BrowseComp-$V^3$: A Visual, Vertical, and Verifiable Benchmark for Multimodal Browsing Agents

Huanyao Zhang,Jiepeng Zhou,Bo Li,Bowen Zhou,Yanzhe Dan,Haishan Lu,Zhiyong Cao,Jiaoyang Chen,Yuqian Han,Zinan Sheng,Zhengwei Tao,Hao Liang,Jialong Wu,Yang Shi,Yuanpeng He,Jiaye Lin,Qintong Zhang,Guochen Yan,Runhao Zhao,Zhengpin Li,Xiaohan Yu,Lang Mei,Chong Chen,Wentao Zhang,Bin Cui

Multimodal large language models (MLLMs), equipped with increasingly advanced planning and tool-use capabilities, are evolving into autonomous agents capable of performing multimodal web browsing and deep search in open-world environments. However, existing benchmarks for multimodal browsing remain limited in task complexity, evidence accessibility, and evaluation granularity, hindering comprehensive and reproducible assessments of deep search capabilities. To address these limitations, we introduce BrowseComp-$V^3$, a novel benchmark consisting of 300 carefully curated and challenging questions spanning diverse domains. The benchmark emphasizes deep, multi-level, and cross-modal multi-hop reasoning, where critical evidence is interleaved across textual and visual modalities within and across web pages. All supporting evidence is strictly required to be publicly searchable, ensuring fairness and reproducibility. Beyond final-answer accuracy, we incorporate an expert-validated, subgoal-driven process evaluation mechanism that enables fine-grained analysis of intermediate reasoning behaviors and systematic characterization of capability boundaries. In addition, we propose OmniSeeker, a unified multimodal browsing agent framework integrating diverse web search and visual perception tools. Comprehensive experiments demonstrate that even state-of-the-art models achieve only 36% accuracy on our benchmark, revealing critical bottlenecks in multimodal information integration and fine-grained perception. Our results highlight a fundamental gap between current model capabilities and robust multimodal deep search in real-world settings.
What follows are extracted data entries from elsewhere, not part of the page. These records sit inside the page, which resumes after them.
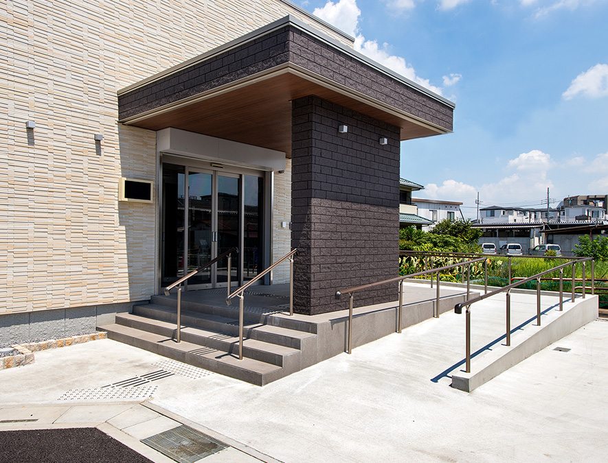 チャコールグレーのタイルを張ったエントランスポーチ。ベージュの外壁と美しいコントラストを描いています。ウッドパネルの天井がアクセントに。車椅子の患者様も來院しやすいよう、手すり付きのスロープも設けています。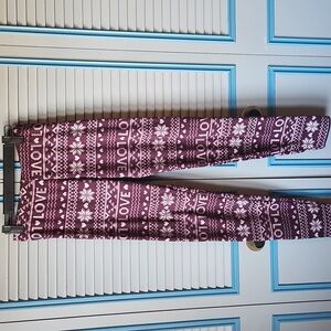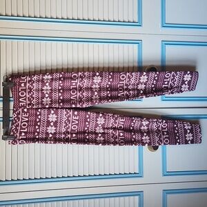 These stylish leggings from Streetwear Society feature a cozy Fair Isle pattern with "LOVE" detailing in maroon and white tones. Perfect for lounging or casual outings, they offer comfort and a trendy vibe.
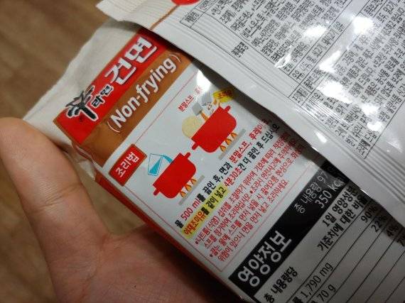 처음 눈에 띄는 건 포장이다. 새빨간 색이 상징이던 신라면이 누런빛이 감도는 흰 배경으로 덮였다. 포장만 봐도 전보다 건강해 보인다는 인상이 드는 건 기분 탓이다. 눈에 들어오는 글자는 ‘건면’과 ‘Non-frying’. 뒷면엔 ‘칼로리 350kcal, 지방 3.6g’이란 글자가 눈에 띄게 박혔다. 기존 신라면이 520kcal에 지방 16g이었으니 대폭 줄어든 건 분명하다.

翻译：多模态大语言模型（MLLMs）凭借日益先进的规划与工具使用能力，正逐步演化为能够在开放世界环境中执行多模态网页浏览与深度搜索的自主代理。然而，现有的多模态浏览基准在任务复杂性、证据可获取性及评估粒度方面仍存在局限，阻碍了对深度搜索能力进行全面且可复现的评估。为应对这些局限，我们提出了BrowseComp-$V^3$，这是一个包含300个精心策划且具有挑战性问题的全新基准，覆盖多个领域。该基准强调深度、多层次及跨模态的多跳推理，其中关键证据在网页内部及跨网页的文本与视觉模态间交织分布。所有支撑证据均严格要求可公开检索，以确保公平性与可复现性。除最终答案准确性外，我们引入了经专家验证的、基于子目标驱动的过程评估机制，支持对中间推理行为进行细粒度分析，并系统刻画能力边界。此外，我们提出了OmniSeeker，一个集成了多样化网络搜索与视觉感知工具的统一多模态浏览代理框架。综合实验表明，即使最先进的模型在我们的基准上也仅达到36%的准确率，揭示了多模态信息整合与细粒度感知方面的关键瓶颈。我们的结果凸显了当前模型能力与真实场景中稳健的多模态深度搜索之间存在根本性差距。